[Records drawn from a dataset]
*** Block opens ***

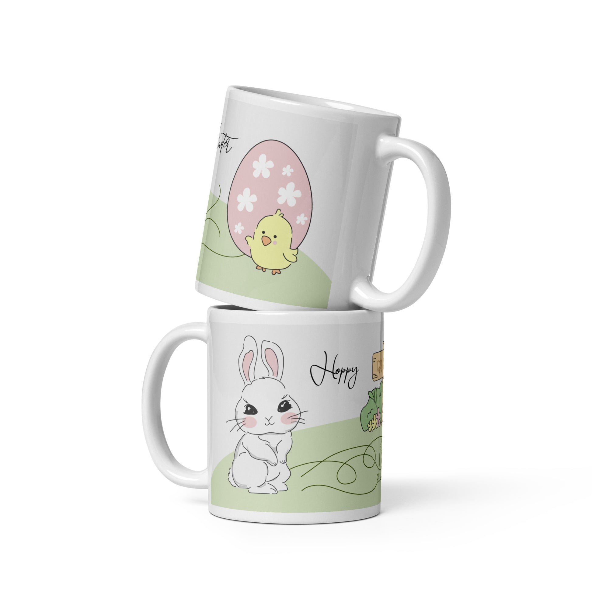 Bunny påske krus som er perfekt for påskeferien. Fyll kruset med kaffe, varm sjokolade eller annen varm drikke du elsker. Kruset er hvit med en farget kant, innsiden og håndtaket.
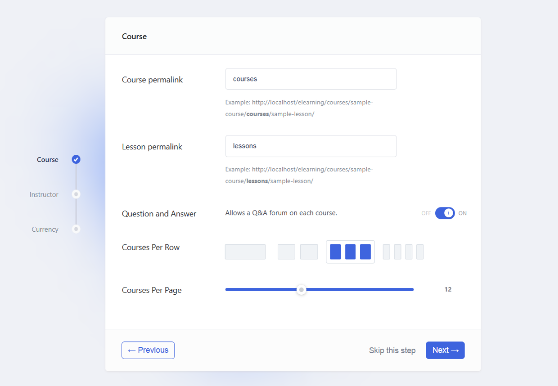 Upon activation, a setup wizard will guide you through initial configurations. Follow the prompts to set up essential settings like currency, course permalinks, and instructor roles.
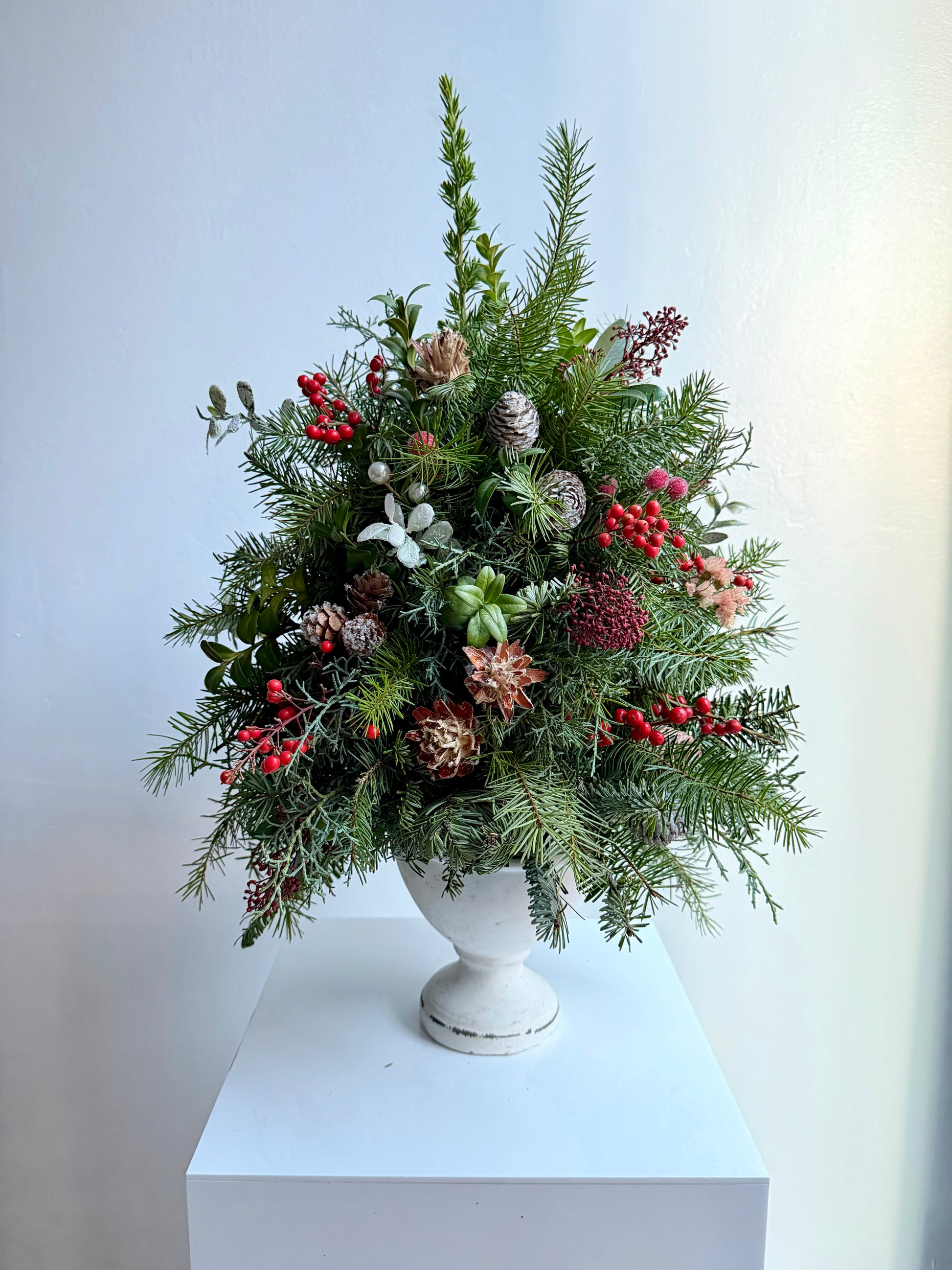 Our Evergreen Christmas Tree Arrangement is what we call a modern day hack for the classic fresh holiday tree in small spaces problem. Designed with fresh, highly fragrant seasonal evergreens in a white birch pot, and decorated with fairy lights and a festive, modern touch, this tabletop tree adds instant modern Christmas Tree charm to any space - especially small spaces! Ideal for those who don't want to be without a Christmas Tree this year! Also fabulous as festive decor for offices, gifting, holiday tables.
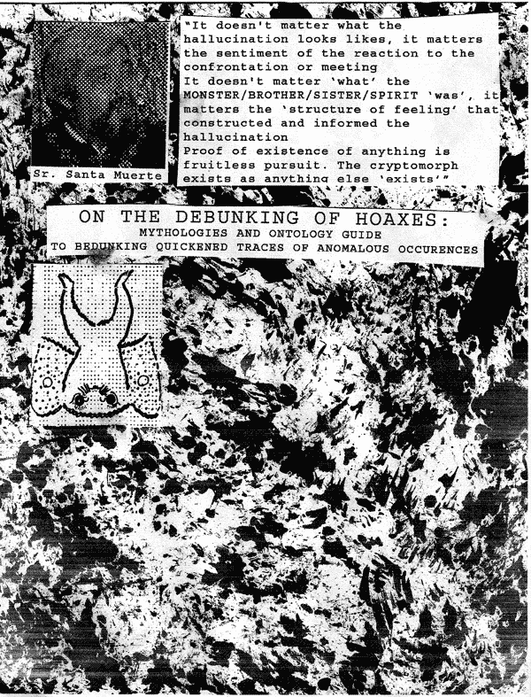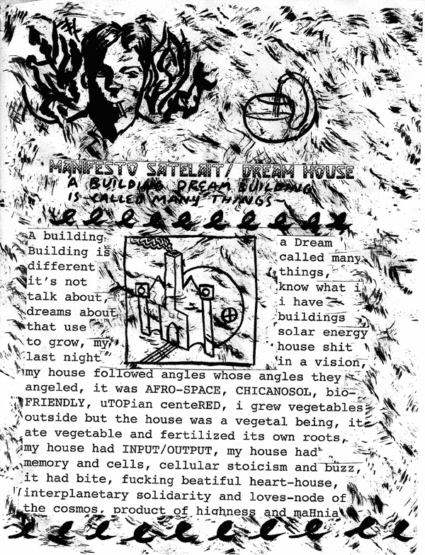 ![]() | (abstract) It doesn't matter what the hallucination looks likes, it matters the sentiment of the reaction to the confrontation or meeting I once wrote to debunk hoaxes and myths, but as I progressed on each debunking project, I would become more and more confused. I realized that the sighting of anomalies was by nature and definition anomalous. Furthermore, I realized that all anomaly is really variation. I began to see all variation and change as anomalous and in consequence many mundane things in the world; flowing water, growing hair, roadkill, movement of bodies, acceleration and even stasis became as odd and frightening to me as mothman, chupacabra or cattle mutilation. And slowly, my recognition of the anomalous spread to include more and more the the things around me until everything that filled my senses was foreign and struck terror in me: a boy's head cracked by a policeman's fist, my voice slipping across the wind, Lopez-Feliu's hair growing year by year, iron against lubricated iron, a skyscraper falling in a pile, the rapidly worming distances between my eyes and distant views... All is now in flux and changing, everything is anomalous and hoax; even the hoax and story of gravity only dictates one direction of many directions and can be called into question as readily as the mothman hoax--our blood flows up and down, across and back, pumped by a strange hoax--the heart muscle, flowing through strange mythic channels called veins. These words follow a mythical set of systems to become a strangely manifest hoax. The myth of dictated words in mythical symbols representing ideas (themselves anomalous and deceptive) laid down in quick drying hoax-ink on a mythical and unprovable substrate. This paper that you hold in your hand and the content on it and the brain functions that lead you to understand it are all unprovable hoaxes perpetuated by over-active imaginations susceptible to the influence of myth. "On", "over", "on top", "based on"... all orientation and relation is ghostlike and anomalous. Directionality and placement, composition and divine order are hoaxes and mythologies. We exist and ultimately are mythical- like a play with no director or audience, no script or stage, no actors, no props... for reference please see mirror scene in Duck Soup, mythical movie from the hoax year of 1933. A building a Dream Building is called many different things, it's not know what i talk about, i have dreams about buildings that use solar energy to grow, my house shit last night in a vision, my house followed angles whose angles they angeled, it was AFRO-SPACE, CHICANOSOL, bio-FRIENDLY, uTOPian centeRED, i grew vegetables outside but the house was a vegetal being, it ate vegetable and fertilized its own roots, my house had INPUT/OUTPUT, my house had memory and cells, cellular stoicism and buzz, it had bite, fucking beatiful heart-house, interplanetary solidarity and loves-node of the cosmos, product of highness and maHnia I got scared of blooming inspiration shocked my eyes opened and closed gliding and sliding We are little more than exotic beaded creatures encrusted and made up of single unite of colorful round balls connected by the thread of electricity I shouldn't be worried with enough food in my system I can call on the highness of inspiration at many points of interface I face its face and see not one thing but instead every thing integrated and mainlined through sensations more akin to touch and more wisp-like than memory Tendrils and vessels of intelligent plant organism interface and coordinated |
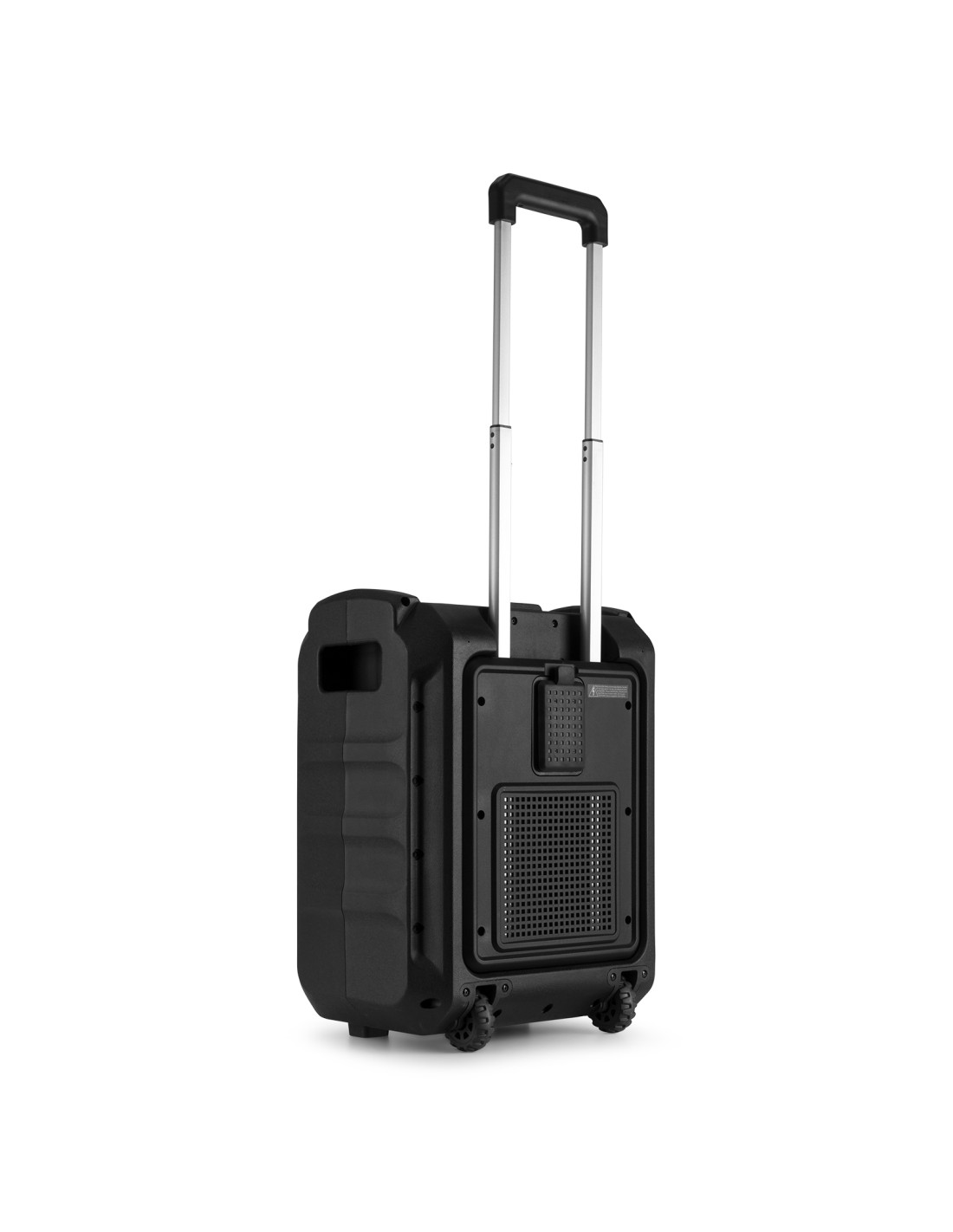 El SPLASH300 es un sistema de sonido todo en uno resistente a la intemperie especialmente diseñado para fiestas, actuaciones y megafonía. Portátil e inalámbrico, puede llevar este sistema de sonido trolley a cualquier lugar y reproducir música desde sus opciones de entrada, como USB o un dispositivo externo a través de AUX. La transmisión de música inalámbrica BT 5.0 le permite conectar y transmitir audio desde todos sus dispositivos favoritos, como teléfonos inteligentes, tabletas, portátiles, etc. Gracias a la batería recargable incorporada, el mango retráctil y las ruedas resistentes, este sistema de sonido es ideal para cualquier actividad al aire libre o también actividades de interior. Por ejemplo, entretenimiento en el hogar, karaoke, escuelas, seminarios, fitness o muchas otras aplicaciones. Lleva tu fiesta o evento al siguiente nivel con este sistema de sonido portátil SPLASH300 gracias a su sistema de refuerzo de bajos y su anillo LED que cambia de color en el frontal.

*** Block closes ***

**Assignment:** Extract the part of the records that opens with the line containing "Upon activation, a" and closes with the line containing "Our Evergreen Christmas". Take only those lines, exactly, and no pictures.

**Output of the exercise:**
 Upon activation, a setup wizard will guide you through initial configurations. Follow the prompts to set up essential settings like currency, course permalinks, and instructor roles.
 Our Evergreen Christmas Tree Arrangement is what we call a modern day hack for the classic fresh holiday tree in small spaces problem. Designed with fresh, highly fragrant seasonal evergreens in a white birch pot, and decorated with fairy lights and a festive, modern touch, this tabletop tree adds instant modern Christmas Tree charm to any space - especially small spaces! Ideal for those who don't want to be without a Christmas Tree this year! Also fabulous as festive decor for offices, gifting, holiday tables.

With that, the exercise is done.